To be clear, according to American the SABRE system did not itself fail, what failed was the airline’s access to its own system — a networking problem. And for further clarification, American no longer owns SABRE, which was spun off several years ago as Sabre Holdings, but the airline is still the system’s largest customer.
It’s interesting that Sabre Holdings has yet to say anything about this incident.
American built the first computerized airline reservation system back in the 1950s. It was so far ahead of its time that the airline not only had to write the software, they built the hardware it ran on, too. Over the years competing systems were developed at other airlines but some of those — TWA and United included — were splintered versions of SABRE. American has modernized and extended the same code base for over 50 years, which is long even by mainframe standards.

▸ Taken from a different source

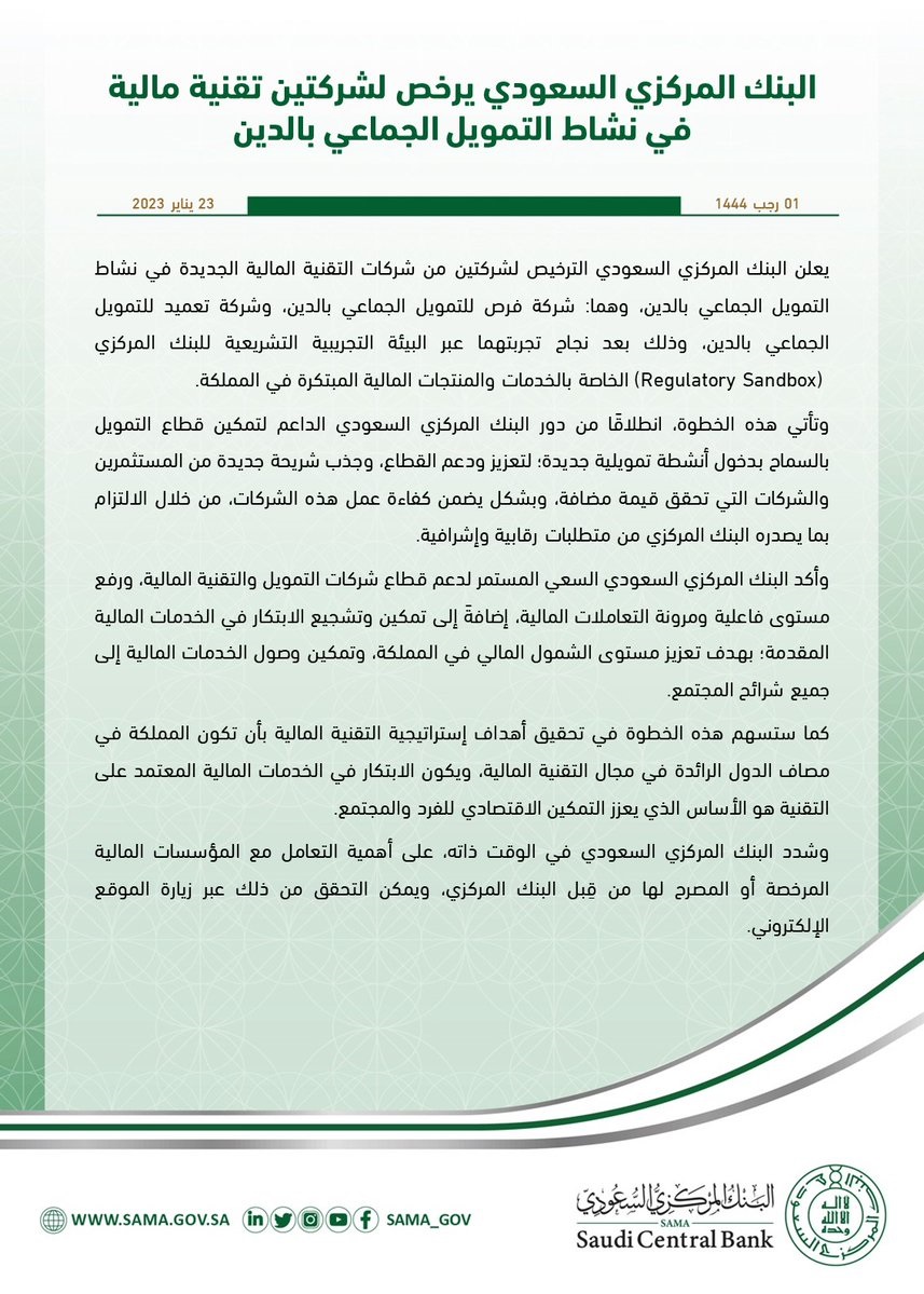 يعلن البنك المركزي السعودي الترخيص لشركتين من شركات التقنية المالية الجديدة في نشاط التمويل الجماعي بالدين، وهما: شركة فرص للتمويل الجماعي بالدين، وشركة تعميد للتمويل الجماعي بالدين، وذلك بعد نجاح تجربتهما عبر البيئة التجريبية التشريعية للبنك المركزي (Regulatory Sandbox) الخاصة بالخدمات والمنتجات المالية المبتكرة في المملكة.

Today SABRE is probably the most intricate and complex system of its type on earth and Sabre Holdings sells SABRE technology to other industries like railroads and trucking companies. In many ways it is hard to dissociate the airline and the computer system, and that seems to be the problem they had last week.
The American SABRE system includes both a passenger reservation system and a flight operations system. Last week the passenger reservation system became inaccessible because of a networking issue. In addition to reservations, passenger check-in, and baggage tracking, the system also passes weight and location information over to the flight operations system which calculates flap settings and V speeds (target takeoff speeds based on aircraft weight and local weather) for each departure runway and flight combination. The lack of either system will cause flight delays or cancellations, not just because the calculations have to be done by hand, but because the company had become totally dependent on SABRE for running its business.
Without SABRE American literally didn’t know where its airplanes were.
Here’s an example. SABRE has backup computer systems, but all systems are dependent on a microswitch on the nose gear of every American airliner to tell them when the plane has left the ground. That microswitch is the dreaded single point of failure. And while it may not be that switch that failed in this instance, it is still a second order failure because if you can’t communicate with the microswitch it may as well be busted.
That’s what happens with such inbred systems that no one person fully understands. But it’s easy to get complacent and American was used to having its systems up and running 24/7. The last significant computer outage at American, in fact, happened back in the 1980s.
That one was caused by a squirrel.
SABRE did make a statement, affirming that their system was not at fault: https://www.marketwatch.com/story/sabre-statement-regarding-american-airlines-outage-2013-04-16
AA initially said that SABRE’s system was to blame, then retracted that and replaced it with its current story about its own software.
SABRE did make a statement, affirming that their system was not at fault: https://www.marketwatch.com/story/sabre-statement-regarding-american-airlines-outage-2013-04-16
AA initially said that SABRE’s system was to blame, then retracted that and replaced it with its current story about its own software.
Not only isn’t this a big story, it’s a time waster to your readers. The entire story could be paraphrased in a few sentences, one of which would be “We really don’t know what happened.” Why not wait until you have some actual, um, news before writing this. Clearly not up to your usual high journalistic standards, Bob.
for systems programmer types, this is a very cautionary tale. every company that has been in business more than 10 years has a boatload of proprietary code done in languages that the schools no longer turn out fresh, cheap meat that can maintain that code. enough of it is strangulated spaghetti code that violates type restrictions and ignores basic libraries, ready-to-run and robust and proven, as any reader of thedailywtf.com could tell you. assuming they never admitted to writing with their left foot themselves.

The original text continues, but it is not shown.